In a note to investors on Monday, he estimated that Palm produced just 50,000 Pre phones in May.

AT&T, the exclusive U.S. service provider for the iPhone, will sell the 16-gigabyte 3G for $149, down from $299, while supplies last.

Competition is intensifying among cellphone makers from Nokia to HTC Corp for a slice of one of the few remaining fast-growth tech markets.

Globally, research house Ovum expects 171.9 million smartphones to ship this year, up 23 percent on 2008 and about 15 percent of the worldwide mobile phone market in 2009.

But the battle in that lucrative arena is eroding margins.

Apple executives did not comment on impact to profitability from the cheaper iPhone or Mac Air -- which at $1,499 is still costlier than computers from the likes of Dell Inc or Hewlett-Packard Co.

Shaw Wu, an analyst at Kaufman Brothers, said the price cuts could dampen gross margin but noted that Apple had forecast its margin would slip in the current quarter.

Lower costs for components and the extra sales Apple hopes to net should help alleviate the squeeze, he added.

WHAT, ME WORRY?

AT&T said the halving in price would not affect its profit targets, and that it was sticking to its objective for wireless margins in the low 40-percent range.

Apple's stock is historically volatile during the company's June developer conference. It dropped about 7 percent over the course of the conference in 2008 and about 4 percent in 2007.

Much of Monday's event was taken up with new features for Apple's best-selling gadget. Executives announced that new iPhones will support TomTom satellite navigation devices and support multiplayer games such as Asphalt 5.

The consumer electronics giant showed off a new 15-inch notebook with improved battery life, a $300-cheaper Mac Air -- its thinnest laptop -- and, as expected, its highly previewed Snow Leopard Mac operating system software.

The company also unveiled a new 13-inch MacBook Pro starting at $1,199, and a 15-inch laptop with longer battery life, addressing a perennial consumer concern.

Some of the hundreds of developers, analysts, reporters and industry insiders that gathered in downtown San Francisco had hoped to catch a glimpse of founder and Chief Executive Jobs.

Suspense and speculation had mounted in the months before Apple's annual Worldwide Developers' Conference, with hopes ranging from a cameo by Jobs -- out till the end of June on medical leave -- to revelations of a game-changing tablet mini-PC or cheaper iPhone.

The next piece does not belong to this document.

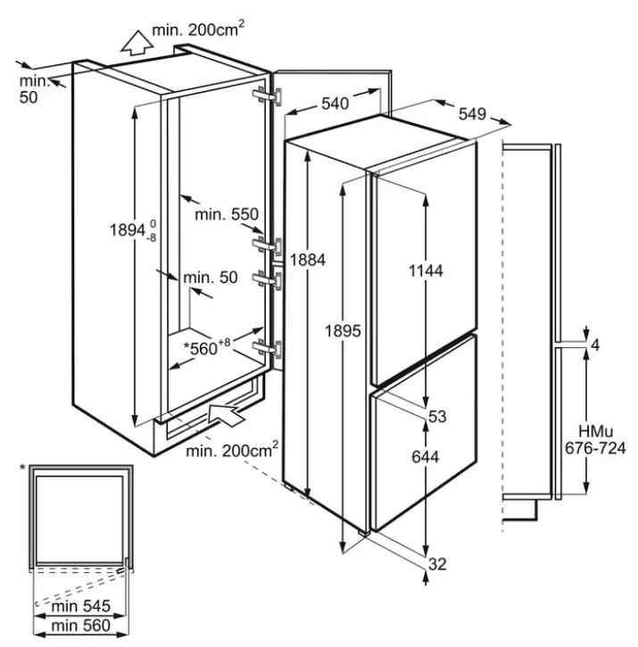 Vgradne dimenzije (VxŠxG mm): 1894x560x550

Jobs, a pancreatic cancer survivor, has not appeared despite speculation he would, after springing his leave of absence on stunned markets in January by saying his health problems were more complex than previously thought.

Despite a slowing product line, worsening consumer spending and an uncertain succession plan, investors have quickly got comfortable with the idea of a Job-less Apple. Shares of the maker of the iPod and iPhone have surged 85 percent since shortly after the bombshell was dropped on January 14.